While china is currently focused on the moon, with a sample return mission scheduled for 2017 and a landing on the lunar farside for 2018, the country is already looking ahead for more ambitious planetary missions. China’s first expedition to Mars will take place in 2020 with a sample return mission sometime in the indefinite future, according to Space Daily. Also on tap is a program of asteroid exploration and a flyby mission to Jupiter.

China is also planning its own space station in the 2020s and a possible crewed lunar mission by the end of that same decade.

The country is embarked on a long-term, methodical program to become a major space power, rivaling if not surpassing the United States by 2030. By so doing, China will become a dominant super power, challenging the United States on Earth in ten or so years.

China’s plan to become a space power represents a problem for the United States and its allies. A choice of two strategies presents itself.

The first option is to attempt to coopt China, to make it a space partner along with Europe, Russia, and other countries. The idea is complicated by Beijing’s imperialist drive in the South China Sea and its cyberwar campaign against the United States, attempting to hack computer files for national and economic secrets.

The second option is to declare Space Race 2.0 to be open. That choice means that the United States and its allies make sure that western astronauts are on the moon to greet the Chinese when they arrive.
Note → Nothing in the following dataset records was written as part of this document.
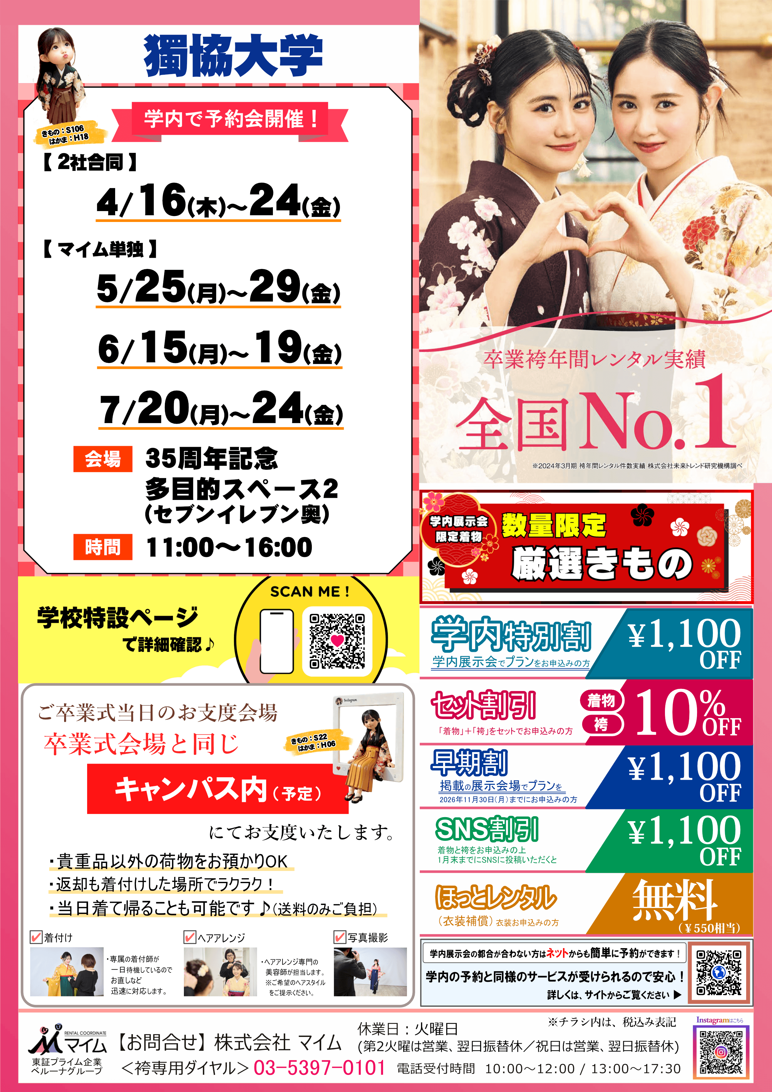獨協大学 ー 2027年卒業式レンタル袴情報 ー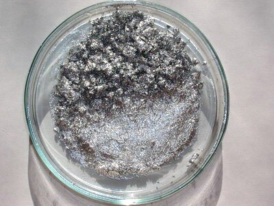 Несмотря на название этой краски, в ней не содержится ни грамма серебра. В действительности в ее составе есть лишь измельченная металлическая пыль. Которая получается при помоле алюминиевых отходов и непосредственно алюминия. Таким образом, это мелкодисперсный порошок алюминия, который придает материалу при покраске стальной цвет.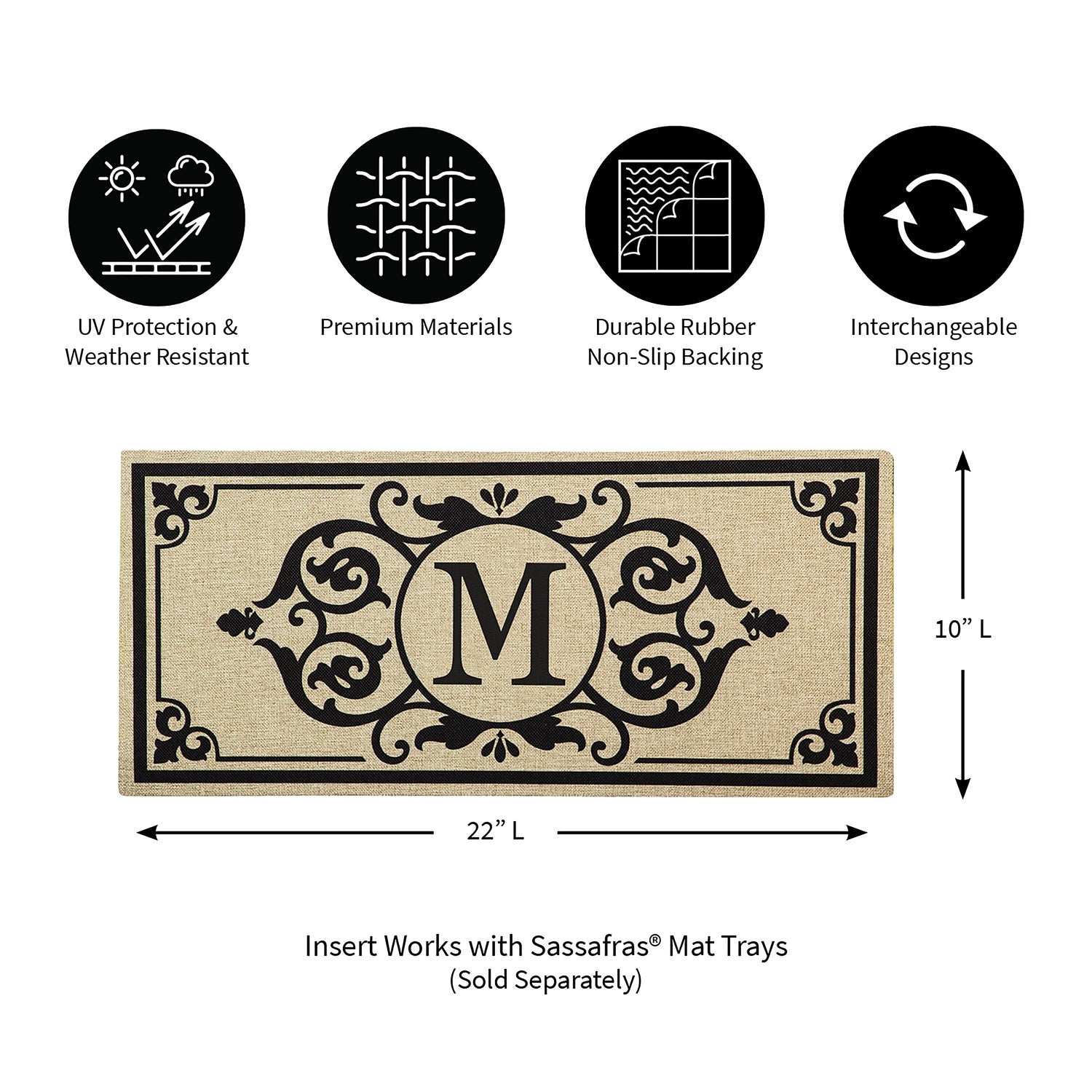 This Cambridge Monogram Burlap Sassafras Switch Mat, Letter M will make a sweet statement wherever it's displayed. The durable insert is created for placement in a Sassafras® mat frame or tray, sold separately. Swap mats seasonally to keep things fresh and fun. The charming design is heat sublimated onto the polyester and rubber insert. Suitable for indoor and outdoor use, the floor mat can also be used on its own as a stair tread or small floor mat. It is mildew resistant and features an anti-slip backing. Spot clean with soap and warm water or hose down. For best results, display your mat in a covered or sheltered area to prevent fading.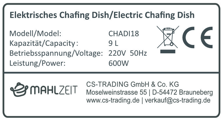 - Lieferumfang: 1x Chafing Dish elektrisch, 1x GN 1/1 Behälter, 1x Deckel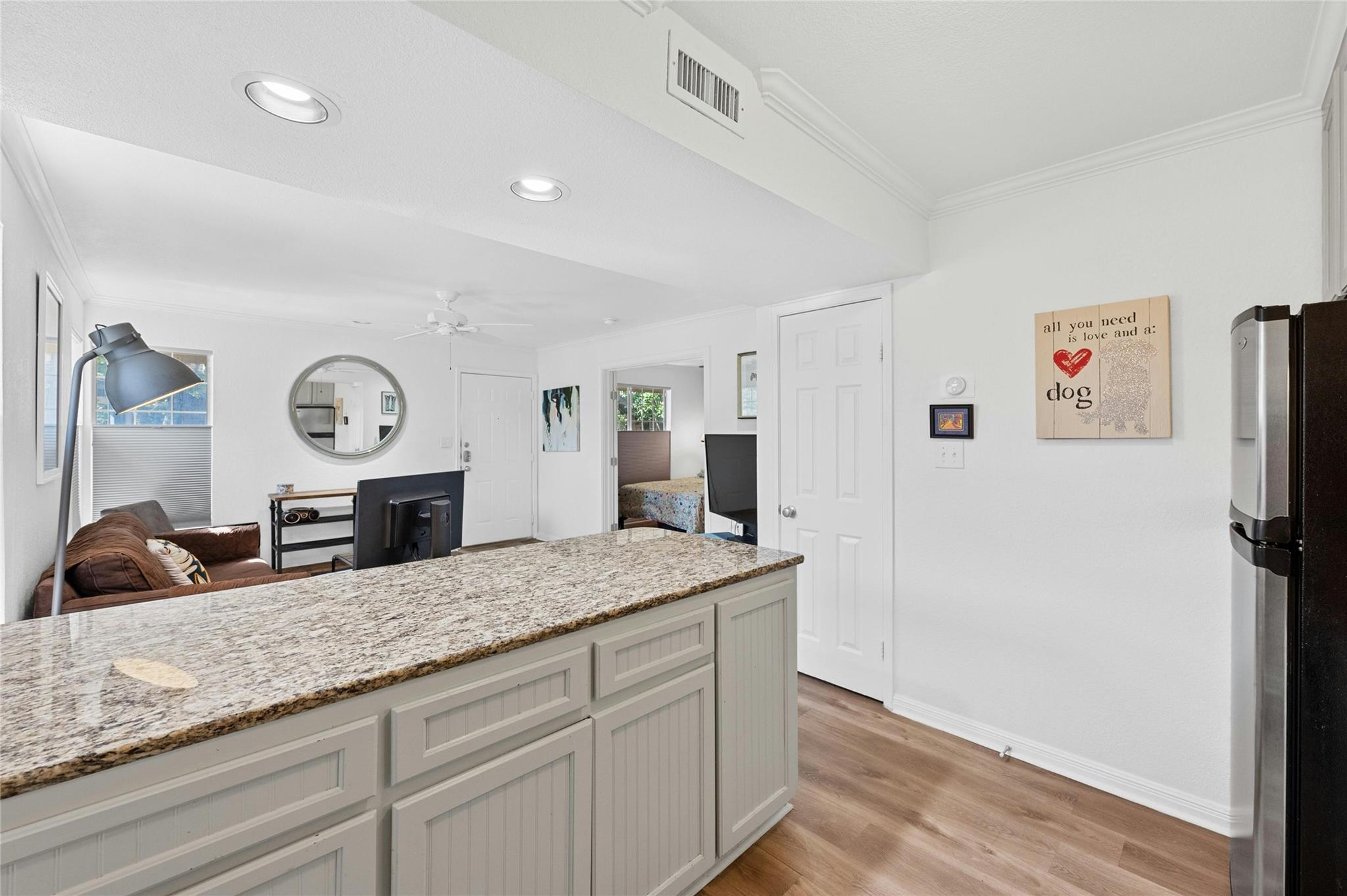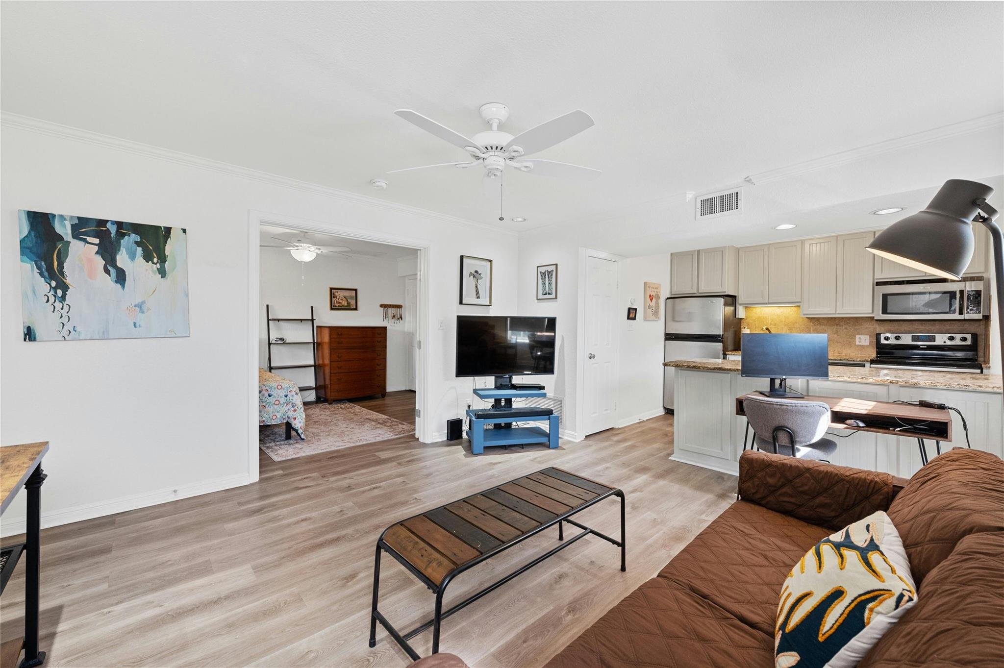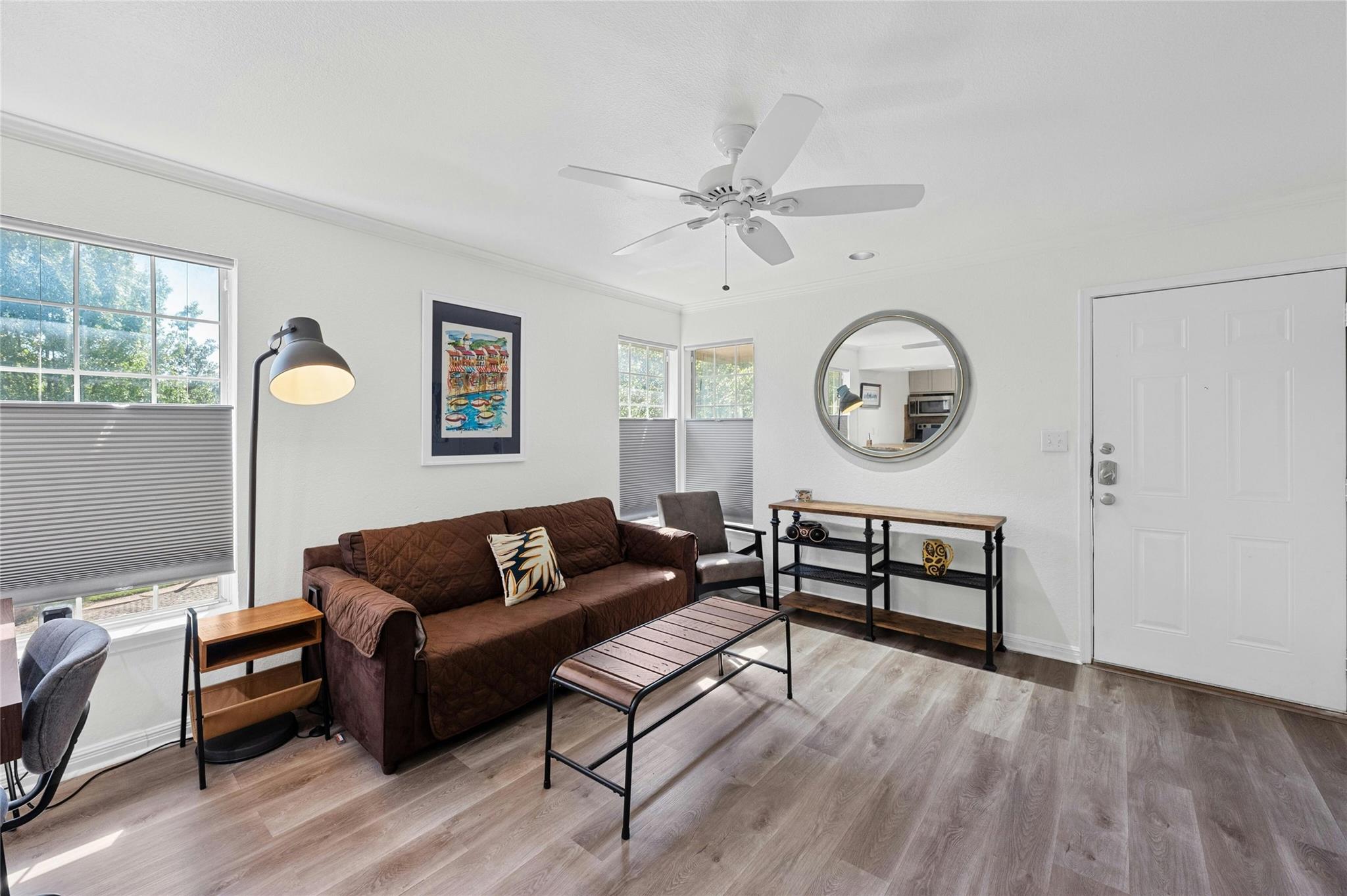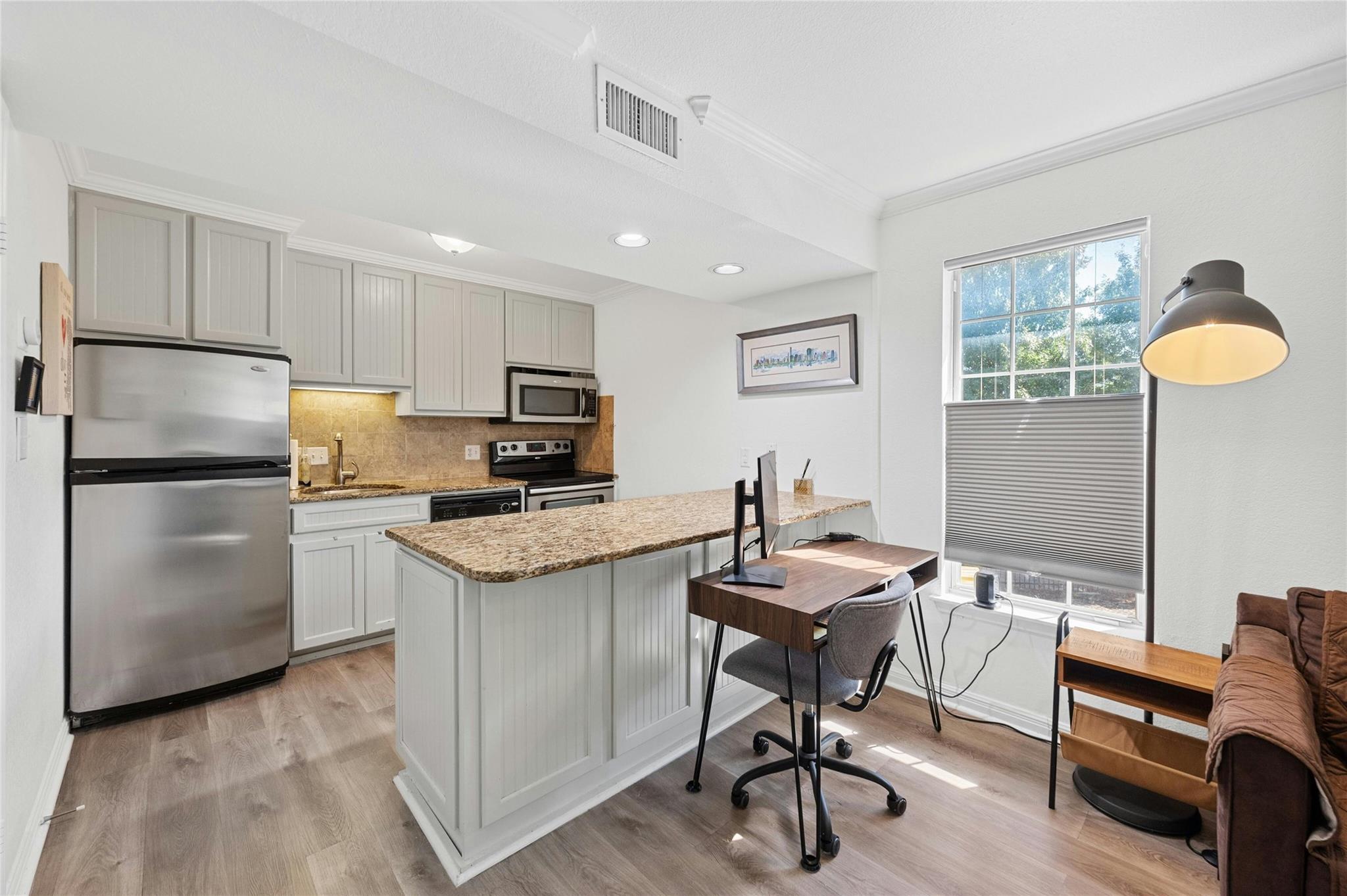 Welcome to your cozy sanctuary nestled in the heart of the city! This charming 1 bedroom, 1 bath condo offers 650 square feet of living space on the serene 2nd story corner unit. As you step inside, prepare to be greeted by an abundance of natural light that illuminates the inviting wood floors throughout the open floorplan. The galley kitchen boasts modern stainless steel appliances, complemented by elegant granite countertops, making it a chef's delight. With exclusive attic storage to 2nd story units, you'll find ample space to stow away belongings, keeping your living areas clutter-free. Step out onto the covered patio, where you can unwind and enjoy the tranquility of the surroundings, enhanced by the shade provided by a graceful tree. This outdoor oasis is perfect for morning coffee or evening relaxation. With its thoughtfully designed layout and attention to detail, this condo offers a perfect blend of comfort and style. Additional benefits include water, internet, and cable included in rent and an amenity center with fitness equipment, meeting space, communal garden and a tropical pool area. Walkable to nearby restaurants, shops, and grocery stores. Don't miss out on the opportunity to make this your new home sweet home!

It means a stepped up planetary science program, mounting larger and more impressive missions than the Chinese are capable of.

The exploration of the moons of Jupiter and Saturn come to mind.

One element of the space race option would be to dangle before the Chinese the possibility of becoming space partners, that is a shift to the first choice, but only if Beijing moderates its behavior on Earth. The choice would be to continue to lose face by being outmatched in space or join a world space effort and enjoy the benefits thereof, but at the price of losing its total independence.